La mémoire vivante de la bravade de Fréjus
À l'approche de la traditionnelle bravade de Fréjus, qui se déroulera du 24 au 27 avril, l'attention se porte naturellement vers les rues du centre ancien, bientôt animées par les défilés, les salves et les coutumes ancestrales. Mais avant les costumes et les cérémonies, il y a la mémoire précieuse des hommes qui ont vu, année après année, cette fête s'écrire et se transformer. Georges Sénéquier, âgé de 96 ans, fait partie de ces témoins irremplaçables.
Un Fréjusien fidèle à la tradition
Fidèle habitant de Fréjus depuis toujours, Georges Sénéquier a participé à presque toutes les bravades, traversant les décennies au rythme de cette tradition unique. Parmi ses nombreux souvenirs, un moment reste particulièrement marquant : l'année 1953. Car si la bravade plonge ses racines dans une histoire bien plus ancienne, cette année-là représente un véritable tournant pour la célébration.
Après une longue interruption, la fête renaît en 1953, retrouvant progressivement sa place dans le cœur des habitants. Georges Sénéquier explique : "La bravade existait lors des siècles derniers. Puis, en 1905 ou 1906, il y eut un accident grave : un enfant est décédé lors d'une bravade. Il y avait un feu de joie, place Agricola, et les bravadeurs se mettaient autour de ce feu, et 'éteignaient' le feu avec les fusils. Mais un enfant est entré au moment où ils tiraient… cela a été un coup d'arrêt !"
La renaissance après une longue pause
Une longue période de pause commence alors, jusqu'au début des années 1950. "Et là, les anciens, qui avaient connu les bravades, s'inquiétaient : 'Si on ne fait rien, cela va disparaître complètement'. C'est ainsi que l'idée a germé…" raconte Georges Sénéquier.

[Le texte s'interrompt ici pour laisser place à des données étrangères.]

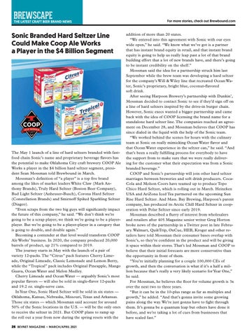 The May 1 launch of a line of hard seltzers branded with fastfood chain Sonic’s name and proprietary beverage flavors has the potential to make Oklahoma City craft brewery COOP Ale Works a player in the $4 billion hard seltzer segment, president Sean Mossman told Brewbound in March. Mossman’s definition of “a player” is a top five brand among the likes of market leaders White Claw (Mark Anthony Brands), Truly Hard Seltzer (Boston Beer Company), Bud Light Seltzer (Anheuser-Busch), Corona Hard Seltzer (Constellation Brands) and Smirnoff Spiked Sparkling Seltzer (Diageo). “Even scraps from the two big guys will significantly impact the future of this company,” he said. “We don’t think we’re going to be a scrap player; we think we’re going to be a playerplayer. But we’re going to be a player-player in a category that is going to double, and double again.” Becoming a contender at that level would transform COOP Ale Works’ business. In 2020, the company produced 20,000 barrels of product, up 21% compared to 2019. The journey starts in May with the launch of a pair of variety 12-packs. The “Citrus” pack features Cherry Limeade, Original Limeade, Classic Lemonade and Lemon Berry, while the “Tropical” pack includes Original Pineapple, Mango Guava, Ocean Water and Melon Medley. Cherry Limeade and Ocean Water — arguably Sonic’s most popular flavors — will also be sold in single-flavor 12-packs and 19.2 oz. single-serve cans. In Year One, Sonic Hard Seltzer will be sold in six states — Oklahoma, Kansas, Nebraska, Missouri, Texas and Arkansas. Those six states — which Mossman said account for around 50% of the Sonic locations in the U.S. — will be the only ones to receive the seltzer in 2021. But COOP plans to ramp up the roll out a year from now during the spring resets with the 26 BEVNET MAGAZINE – MARCH/APRIL 2021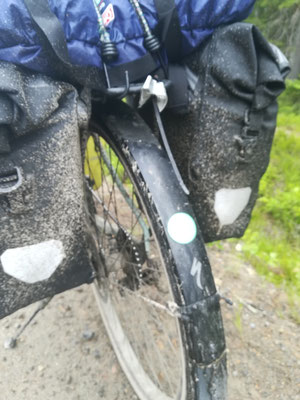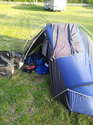 Kein schöner Tag bis dann ab 16 Uhr auf einmal die Sonne aus dem Nichts aufgetaucht ist. Das hat meine Laune echt ein bisschen beflügelt und die letzten 40km fielen mir leichter. Ich musste heute 177km weit fahren damit ich auf dem Campingplatz komm. Das hat mich ganz schön zerstört. Die letzte Stunde wusste ich nicht mehr, wie ich auf dem sattel sitzen sollte. Alles hat weh getan. Am Ende bin ich angekommen!!! Meine Sachen sind mittlerweile alle wieder sauber! Ein Hoch auf die "Ortlieb" Taschen, die sind jeden Euro wert. Alles ist trocken geblieben und den Dreck konnte ich einfach abspritzen.

L'association des Amis de Saint-François-de-Paule voit le jour, et la première bravade, dans sa nouvelle version, a lieu en 1952.
"Les épouses ont commencé par confectionner les costumes pour les enfants, et une compagnie d'enfants a défilé en 1952." Une première édition exclusivement composée d'enfants ! Georges Sénéquier, qui avait 22 ans à l'époque, apprécie cette toute première manifestation avec ses camarades. "Cependant, entre nous, on s'est dit qu'il faudrait refaire une 'vraie' bravade comme les anciens ont connu." Ce qui sera effectivement réalisé en 1953.
Un voyage de noces interrompu pour la tradition
Ce sera la première bravade, en armes, de Georges Sénéquier. "J'avais 24 ans et je venais de me marier. En plein voyage de noces, j'ai dit à mon épouse qu'il fallait rentrer à Fréjus pour la bravade !" Son épouse, Marie-Jeanne, se souvient encore aujourd'hui, après 73 ans de mariage : "Je lui avais répondu 'Quoi ? C'est quoi ça, la bravade !' Moi qui étais Dracénoise, je n'en avais aucune idée…"
Au fil du temps, cette renaissance a été portée par l'envie de faire revivre une identité locale et de transmettre un héritage culturel précieux. Depuis lors, la bravade n'a cessé d'évoluer et de se développer.
- Les costumes se sont précisés et enrichis
- L'organisation s'est structurée et professionnalisée
- Les compagnies participantes sont devenues plus nombreuses
- L'événement a gagné en ampleur et en reconnaissance
Un lien intact entre les générations
Mais, à travers les décennies, l'essentiel est resté intact : ce lien profond entre une ville et son histoire, entre les générations qui la font vivre. Une tradition qui se vit pleinement au présent, mais qui ne tient debout que grâce à ceux qui se souviennent et transmettent.
La bravade de Fréjus, dont les origines remontent à 1629 lorsque les Fréjusiens choisissent Saint-François-de-Paule comme protecteur, et dont la première forme militaire est instaurée en 1784, continue ainsi de rythmer la vie de la cité, portée par la mémoire vivante d'hommes comme Georges Sénéquier.